### DIRECTIONS FOR THIS TASK
Give the data again exactly, without its images.

### MATERIAL PROVIDED

┄┄┄┄┄┄┄┄┄┄

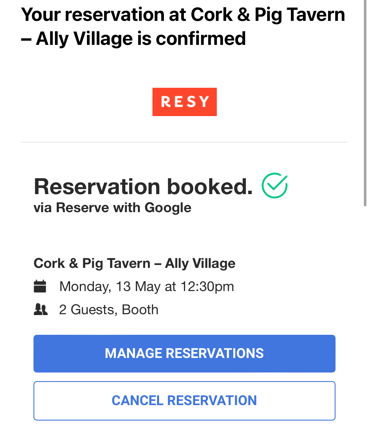 We go to cork & pig regularly! I called this morning to change the reservation I had for 1:00pm ( had it at 12:30pm)
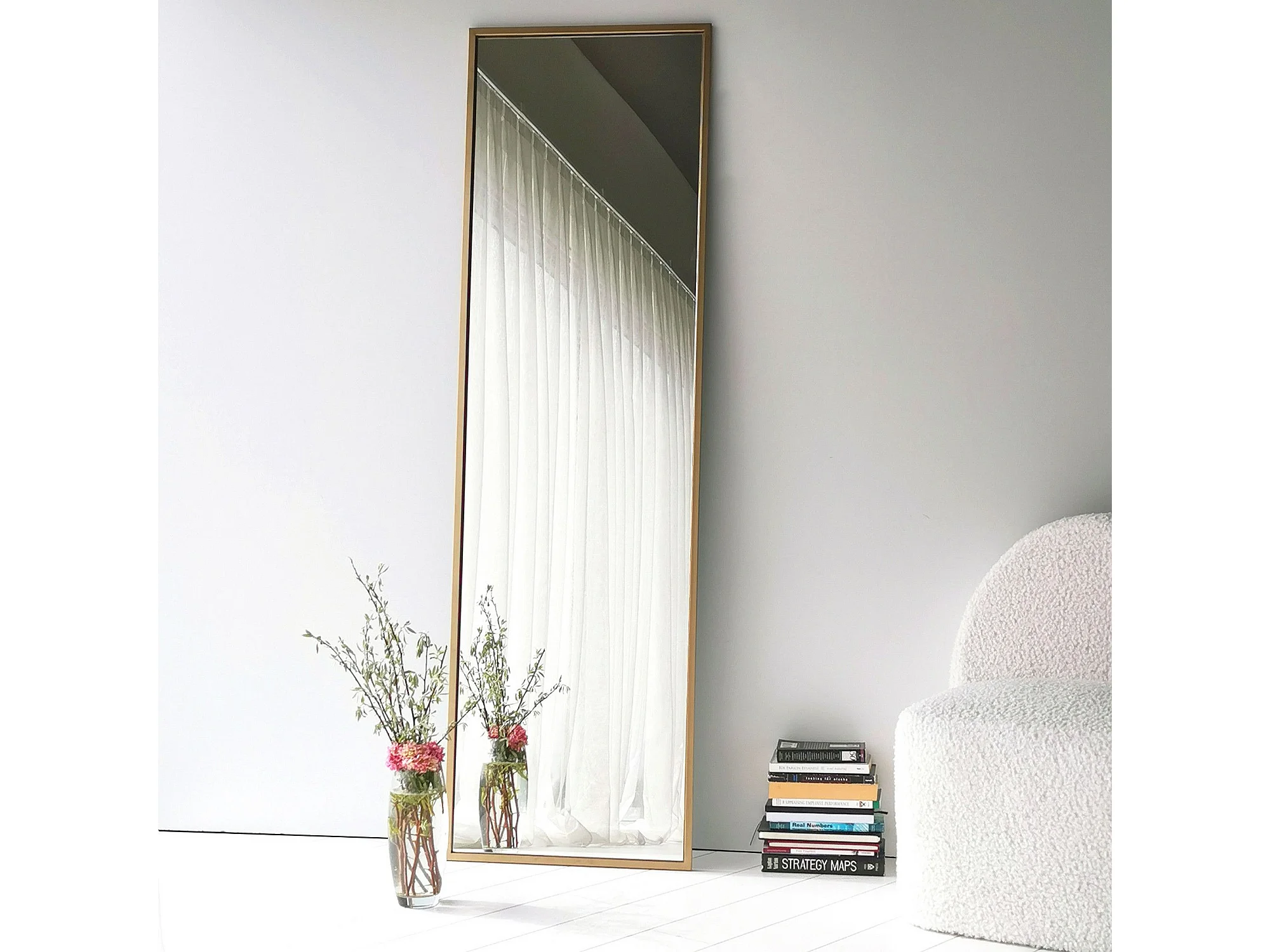 Miroir complet arqué, 162 x 53 cm, pleine longueur, monté au mur, miroir de sol, pour le salon, Doré
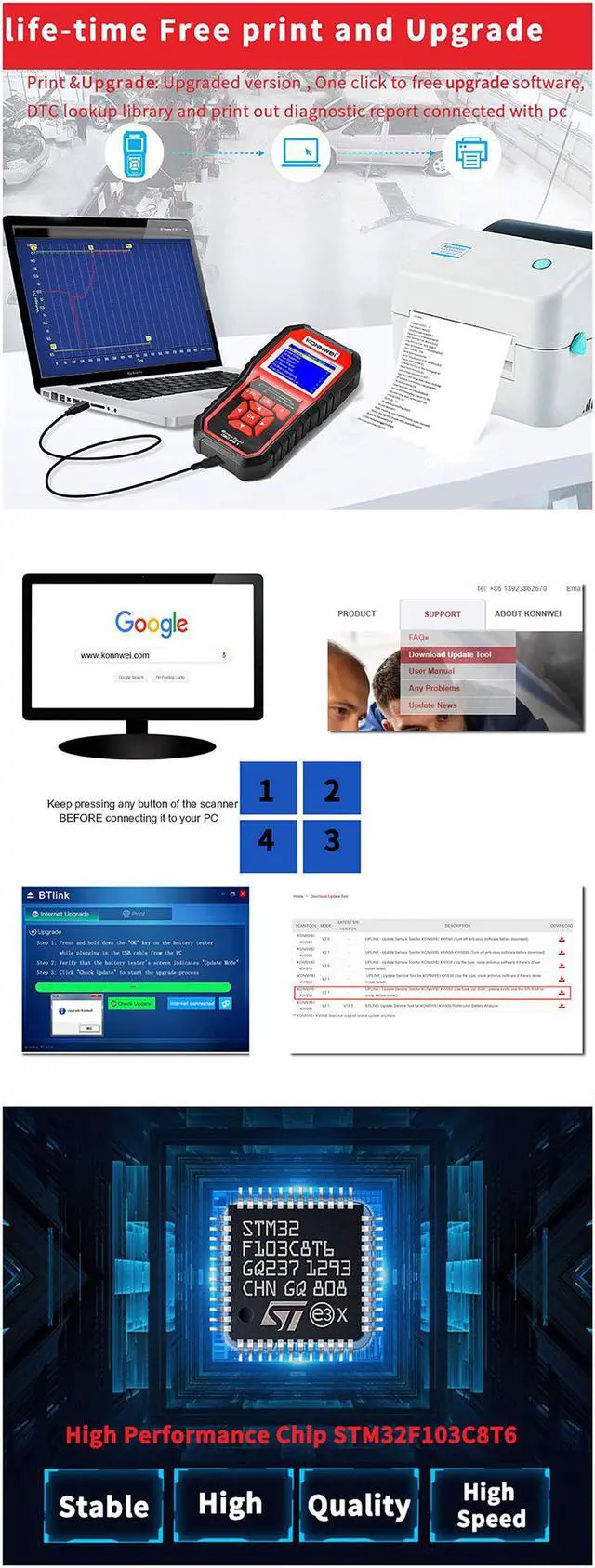 [WHAT YOU GET] KONNWEI KW850 OBDII check engine light code reader offers free storage case, life-time FREE software update service to fix the latest bugs or add newly features which makes it compatible to more vehicles in future (Please note: it CAN NOT be updated on an MAC PC). With a worry-free 36-month and professional technician staying behind, 7*24 at your service!

┄┄┄┄┄┄┄┄┄┄

### EXERCISE RESULT
 We go to cork & pig regularly! I called this morning to change the reservation I had for 1:00pm ( had it at 12:30pm)
 Miroir complet arqué, 162 x 53 cm, pleine longueur, monté au mur, miroir de sol, pour le salon, Doré
 [WHAT YOU GET] KONNWEI KW850 OBDII check engine light code reader offers free storage case, life-time FREE software update service to fix the latest bugs or add newly features which makes it compatible to more vehicles in future (Please note: it CAN NOT be updated on an MAC PC). With a worry-free 36-month and professional technician staying behind, 7*24 at your service!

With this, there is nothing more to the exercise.